Charlie Stross considers the confluence of bookspam; Turing-complete, Javascript enabled ebooks, and auctorial disappointment and posits a hostile ecosystem of parasitic ebooks who go around devouring the competition.
Once there is code there will be parasites, viral, battening on the code. It's how life works: around 75% of known species are parasitic organisms. A large chunk of the human genome consists of endogenous retroviruses, viruses that have learned to propagate themselves by splicing themselves into our chromosomes and lazily allowing the host cells to replicate themselves whenever they divide. Spammers will discover book-to-book discussion threads just as flies flock to shit.
But then it gets worse.

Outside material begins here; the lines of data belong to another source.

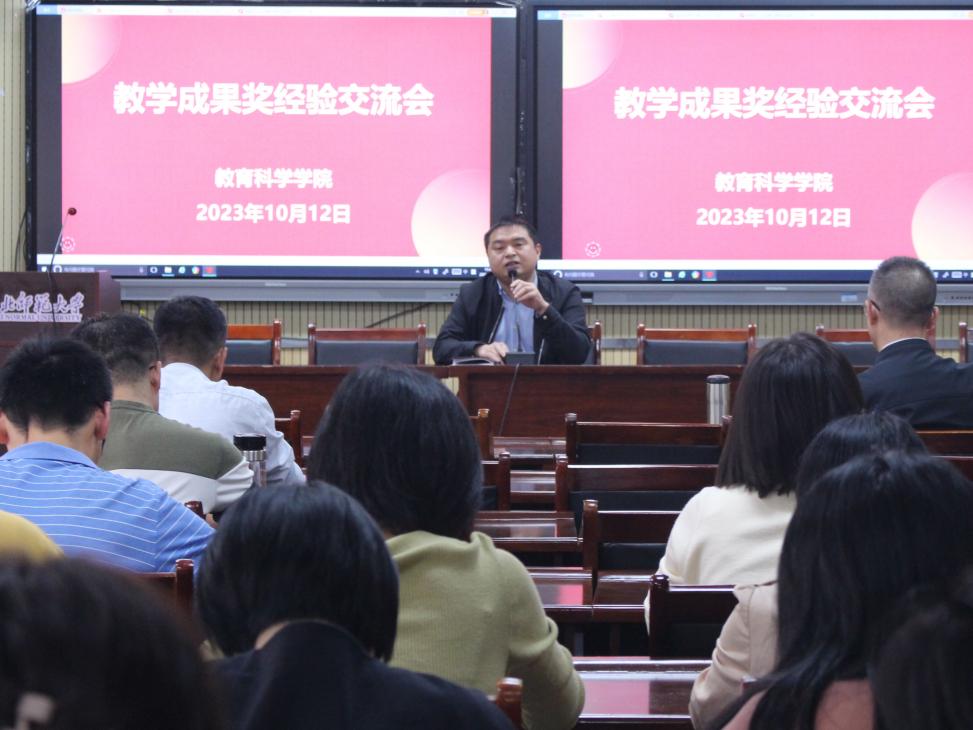 为了进一步激发我院教师教育教学改革的热情,开拓创新,全面提升教育教学质量,教育科学学学院于10月12日在教育大楼1316开展了教学成果奖申报交流会。全体教师参加了本次会议,崔波副院长主持了会议,邓李梅教授、邹从容教授进行了经验交流,涂艳国院长进行了总结。
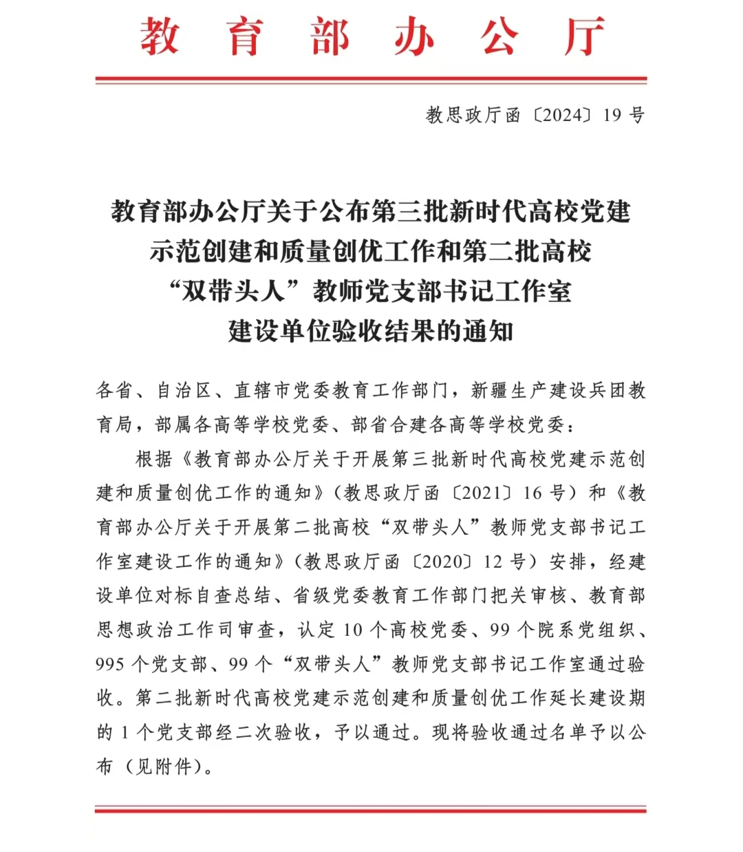 近日,教育部办公厅发布《关于公布第三批新时代高校党建示范创建和质量创优工作和第二批高校“双带头人”教师党支部书记工作室建设单位验收结果的通知》(教思政厅函〔2024〕19号),我校外国语学院(已更名为外国语与国际教育学院)学生第二党支部成功通过第三批“全国党建工作样板支部”验收,标志着我校党建工作取得新突破,对民办高校基层党组织建设起到了示范作用。自2022年3月获批教育部“全国党建工作样板支部培育创建单...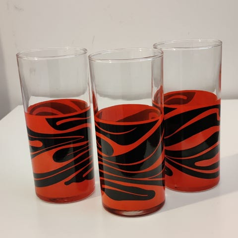Kuvan retro juomalasit 70-luvulta. Kyseessä Poppy juomalasi. Ikäisekseen nähden todella hyvässä kunnossa. Keltaisen väri aavistuksen lämpimämpi luonnossa, kuin kamerassa.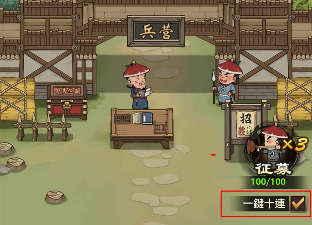 被玩家稱為手指復健的「兵營」,新增「一鍵十連」(徵募)功能,原本每10小時要點100下,現在只要點10下而已喔。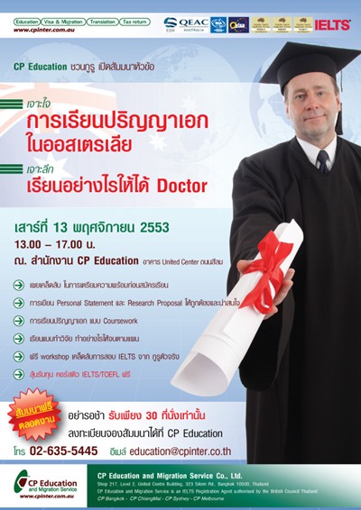 สัมมนาหัวข้อ "การเรียนปริญญาเอกในออสเตรเลีย" ที่จะให้ข้อมูลและเคล็ดลับของการเรียนปริญญาเอกอย่างละเอียดยิบ การเตรียมพร้อมก่อนสมัครเรียน , การเขียน personal statement และ research proposal , การเรียนปริญญาเอกแบบ coursework , การเรียนแบบทำวิจัย เคล็ดลับการสอบ IELTS รวมถึงลุ้นรับทุนคอร์สติว TOEFL / IELTS ฟรี งานนี้จะจัดขึ้นในวันเสาร์ที่ 13 พ.ย. นี้ ตั้งแต่เวลา 13.00-17.00 น. ณ สำนักงาน CP Education อาคาร United Center สีลม ใครสนใจรีบสำรองที่นั่งได้ที่เบอร์ 02-635-5445 ตามรายละเอียดในรูปภาพด้านบนเลยค่ะ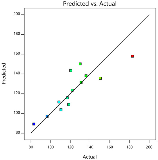 Predicted versus actual plots of model conditions of silver-nanoparticle-complexed G. applanatum: silver nanoparticles (X1), G. applanatum extract (X2), and ionic liquid (X3) as independent variables, and particle size as a dependent variable.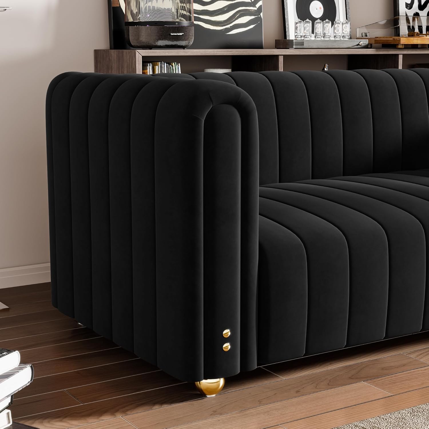 - Multi-Style Compatibility: Designed to harmonize with various decor schemes—from contemporary minimalism to vintage glamour—this sofa enhances your space without clashing with existing furniture. Its neutral black velvet upholstery complements both bold accents and subtle palettes.

Much worse.
Authors, expecting a better reaction from the reading public than is perhaps justifiable in this age of plenty for all (and nothing for many) will eventually succumb to the urge to add malware to their ebooks in return for payment. The malware will target the readers' ebook libraries. The act of reading an infected text will spread the payload, which will use its access to spread advertising extracts and favourable reviews throughout the reader communities. You may find your good reputation name taken in vain by a second-rate pulp novel that posts stilted hagiographies of its authors other books on the discussion sites of every book you have ever commented on (and a few you haven't). Worse, the infested novels will invite free samples of all their friends to the party, downloading the complete works of their author just in case you feel like reading them. Works which will be replete with product placement and flashing animated banner ads, just in case you didn't get the message.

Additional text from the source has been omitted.